[COLLECTED MATERIAL]
■ ■ ■
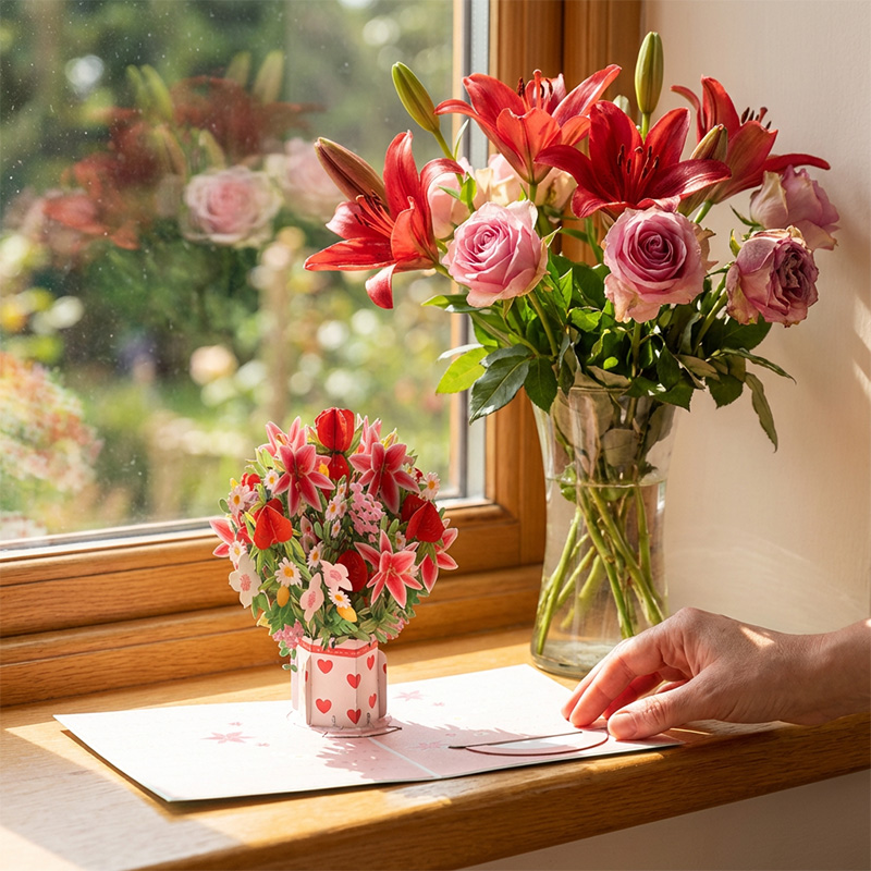 Visual Feast: 3D pop-up bouquet instantly captures their heart.
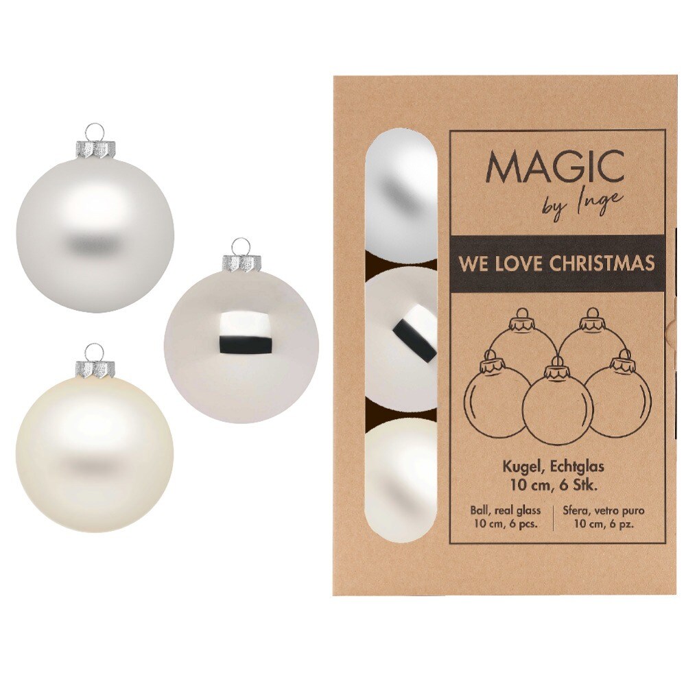 Inges Magic & Goodz 6 Weihnachtskugeln 10cm Glas Christbaumkugeln Weihnachtsbaumkugeln creme silber
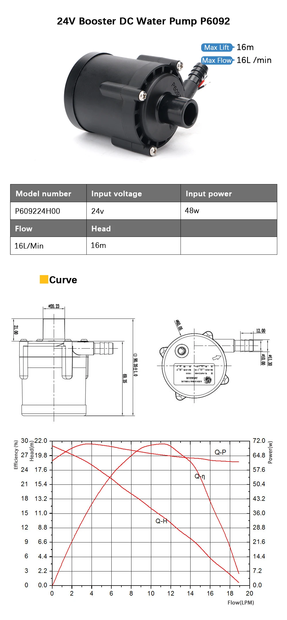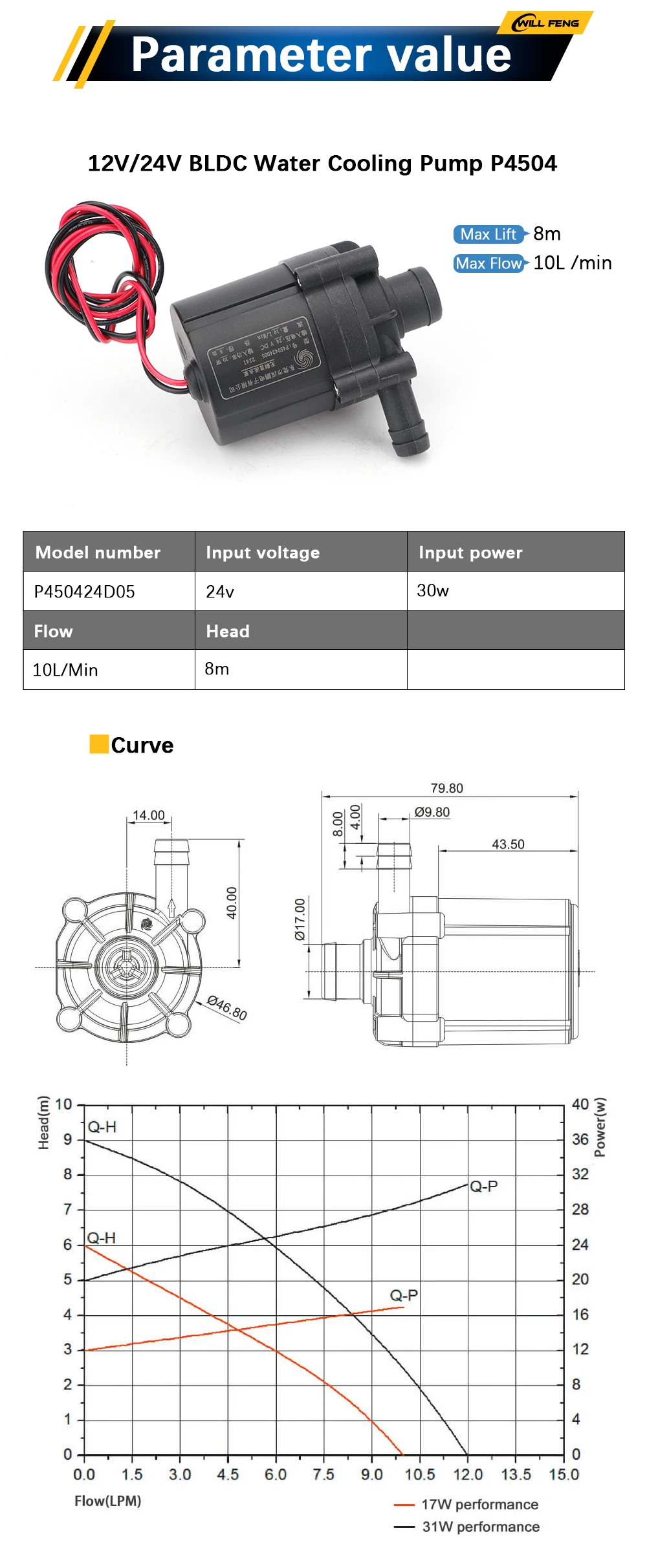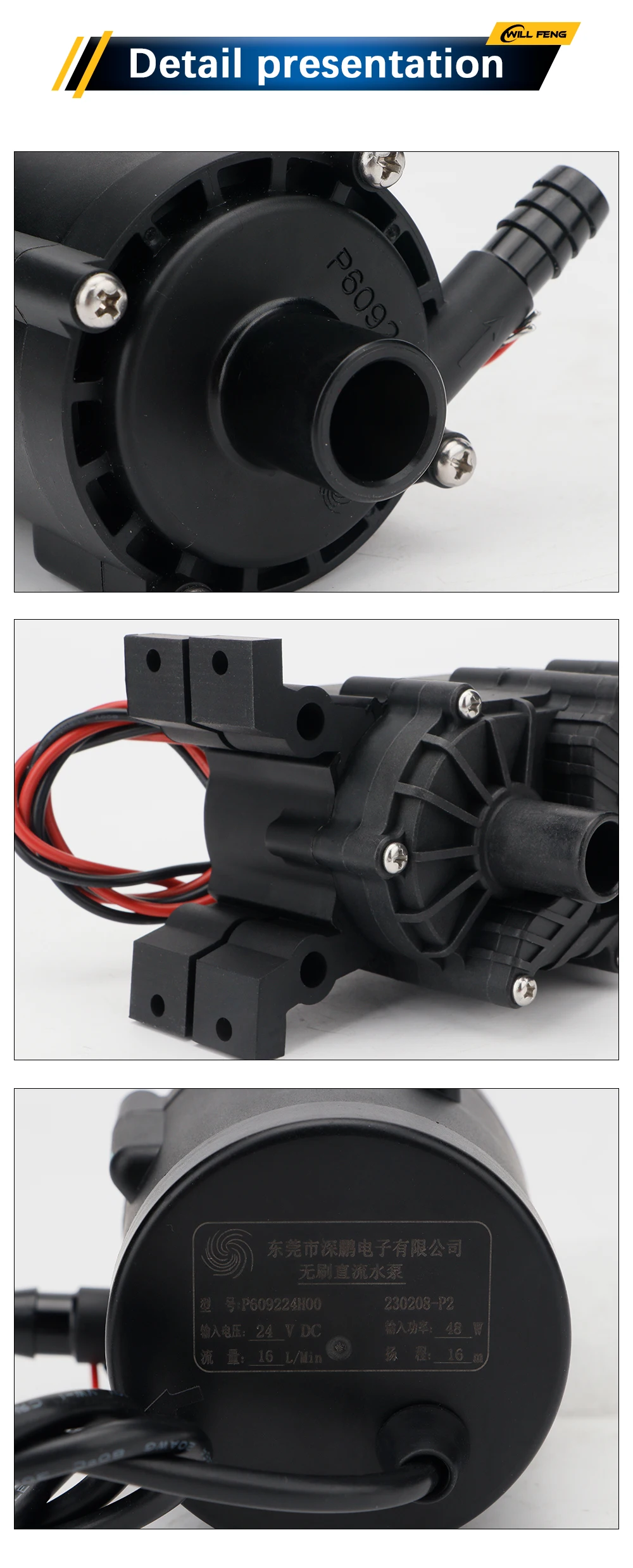 Will Feng Water Pump P4504 30W/24V 10L/Min P6092 48W/24V 16L/Min for S&A Industrial Chiller CW-3000 CW-5000 CW-5200
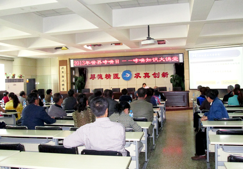 为了让人们加强对哮喘病现状的了解,增强患者及公众对哮喘的防治和管理,按照医院学雷锋志愿服务活动安排,结合第十五个“世界哮喘日”主题,2013年5月11日上午,我院自治区青年文明号呼吸内科举办了“哮喘知识大讲堂”健康讲座及义诊活动。活动中,第四届“内蒙古青年五四奖章”获得者,我院呼吸内科主任何慧洁做了“哮喘是能够控制的”主题讲座,并针对患者及家属在哮喘病防治过程中遇到的问题作了耐心细致的解答和指导。
■ ■ ■
"Inges Magic &" marks the first line to copy; copy that line and every line after it through the last line of the listing, exactly and without pictures.

[FINISHED TASK]
 Inges Magic & Goodz 6 Weihnachtskugeln 10cm Glas Christbaumkugeln Weihnachtsbaumkugeln creme silber
 Will Feng Water Pump P4504 30W/24V 10L/Min P6092 48W/24V 16L/Min for S&A Industrial Chiller CW-3000 CW-5000 CW-5200
 为了让人们加强对哮喘病现状的了解,增强患者及公众对哮喘的防治和管理,按照医院学雷锋志愿服务活动安排,结合第十五个“世界哮喘日”主题,2013年5月11日上午,我院自治区青年文明号呼吸内科举办了“哮喘知识大讲堂”健康讲座及义诊活动。活动中,第四届“内蒙古青年五四奖章”获得者,我院呼吸内科主任何慧洁做了“哮喘是能够控制的”主题讲座,并针对患者及家属在哮喘病防治过程中遇到的问题作了耐心细致的解答和指导。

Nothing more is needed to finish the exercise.